About this task
For this listing, the lines between the one holding "Selling a pair" and the one holding "โครงการทางหลวงปลอดภัย ขับขี่สบายตา หน่วยงานในสังกัดแขวง", inclusive, must be set down exactly.
** Supplied data follows **
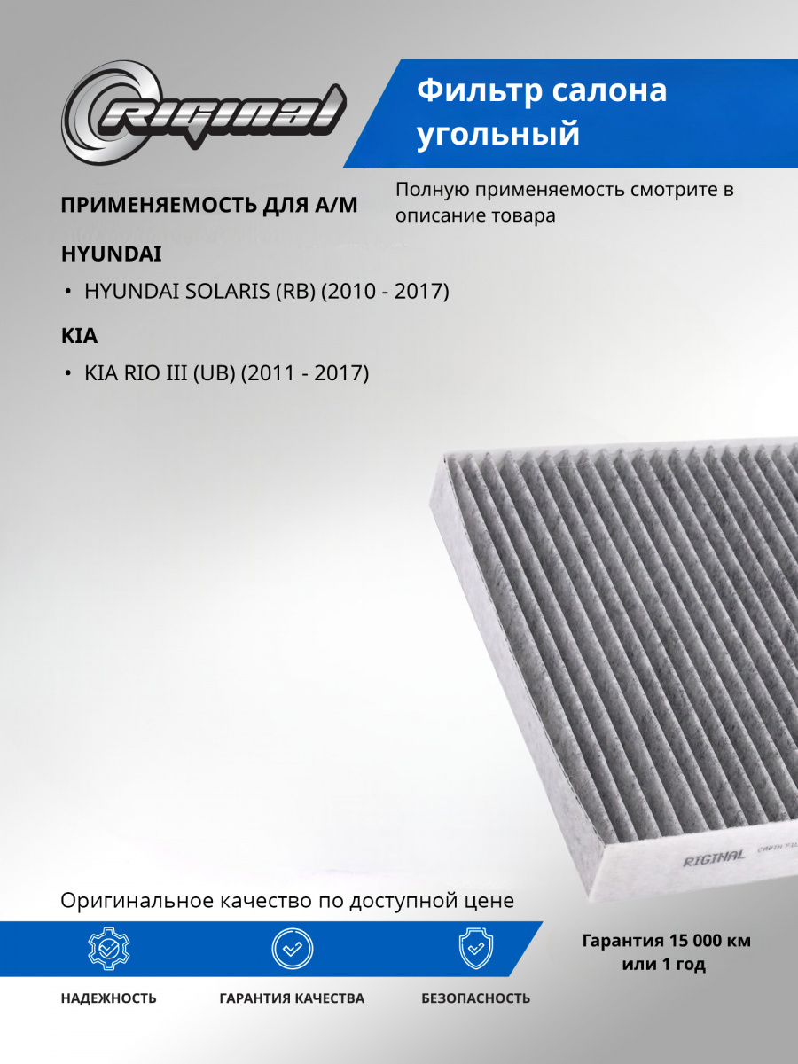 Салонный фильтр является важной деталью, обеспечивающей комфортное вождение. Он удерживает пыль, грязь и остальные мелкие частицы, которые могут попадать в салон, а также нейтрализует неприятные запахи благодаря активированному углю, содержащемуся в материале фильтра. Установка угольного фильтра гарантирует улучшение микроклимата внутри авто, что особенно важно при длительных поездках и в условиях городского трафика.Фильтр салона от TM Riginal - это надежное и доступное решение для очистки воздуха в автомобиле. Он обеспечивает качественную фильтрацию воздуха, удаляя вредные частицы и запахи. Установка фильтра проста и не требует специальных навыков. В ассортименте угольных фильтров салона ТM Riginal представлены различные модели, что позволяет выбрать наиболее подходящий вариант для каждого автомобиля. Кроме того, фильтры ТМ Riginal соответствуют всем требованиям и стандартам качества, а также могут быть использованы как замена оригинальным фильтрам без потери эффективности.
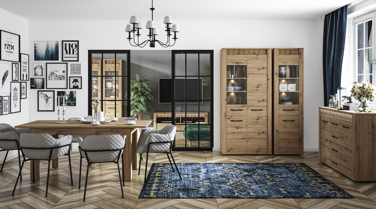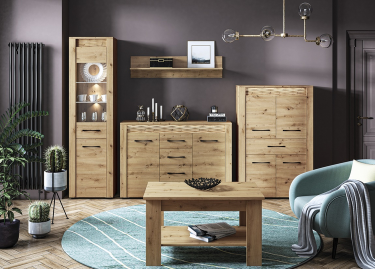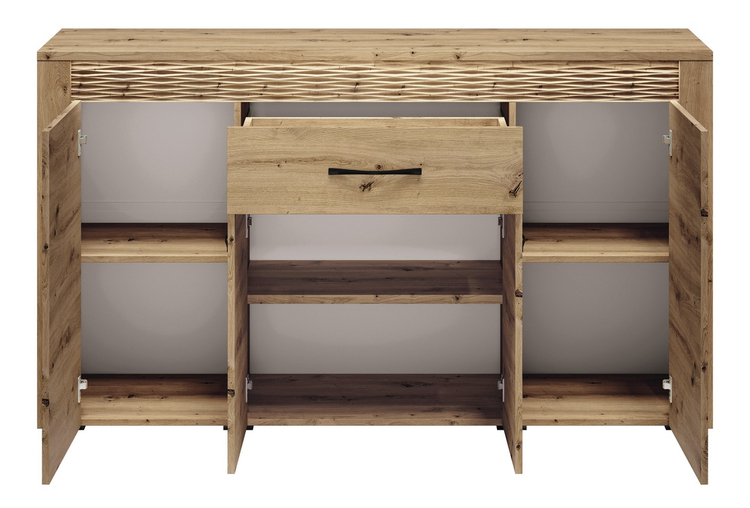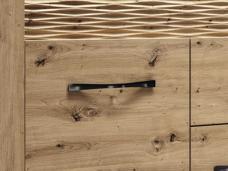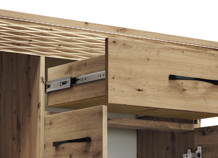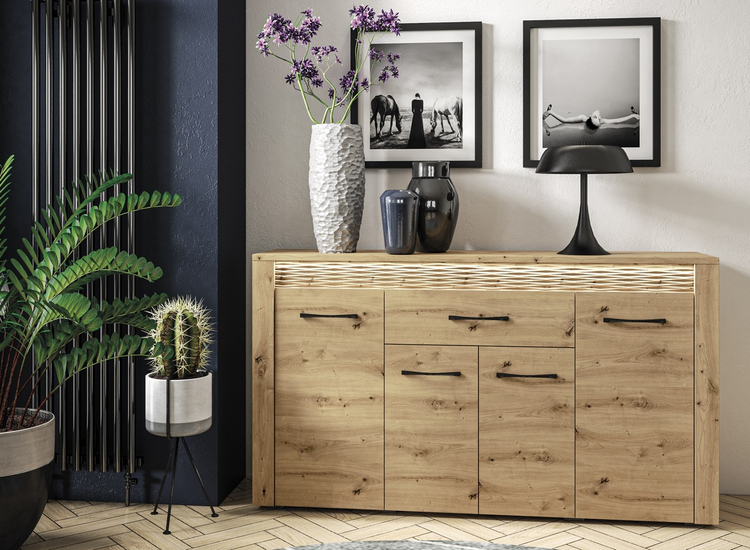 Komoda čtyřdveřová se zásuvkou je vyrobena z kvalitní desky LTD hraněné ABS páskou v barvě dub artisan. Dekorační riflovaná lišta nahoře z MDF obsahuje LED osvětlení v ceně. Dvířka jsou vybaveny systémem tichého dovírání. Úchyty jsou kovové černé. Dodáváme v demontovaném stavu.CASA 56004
** End of Supplied data **
** Supplied data follows **
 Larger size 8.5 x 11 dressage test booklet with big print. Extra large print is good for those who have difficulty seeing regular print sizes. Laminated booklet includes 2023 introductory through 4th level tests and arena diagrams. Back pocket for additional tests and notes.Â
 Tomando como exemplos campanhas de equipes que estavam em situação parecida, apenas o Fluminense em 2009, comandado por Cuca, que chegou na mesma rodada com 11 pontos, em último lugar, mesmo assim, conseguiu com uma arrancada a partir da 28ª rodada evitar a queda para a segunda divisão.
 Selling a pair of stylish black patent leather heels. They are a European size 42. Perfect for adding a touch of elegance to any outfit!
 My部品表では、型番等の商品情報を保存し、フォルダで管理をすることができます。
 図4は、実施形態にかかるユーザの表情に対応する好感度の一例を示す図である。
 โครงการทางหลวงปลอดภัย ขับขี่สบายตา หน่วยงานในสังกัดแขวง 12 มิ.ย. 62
** End of Supplied data **
Answer box
 Selling a pair of stylish black patent leather heels. They are a European size 42. Perfect for adding a touch of elegance to any outfit!
 My部品表では、型番等の商品情報を保存し、フォルダで管理をすることができます。
 図4は、実施形態にかかるユーザの表情に対応する好感度の一例を示す図である。
 โครงการทางหลวงปลอดภัย ขับขี่สบายตา หน่วยงานในสังกัดแขวง 12 มิ.ย. 62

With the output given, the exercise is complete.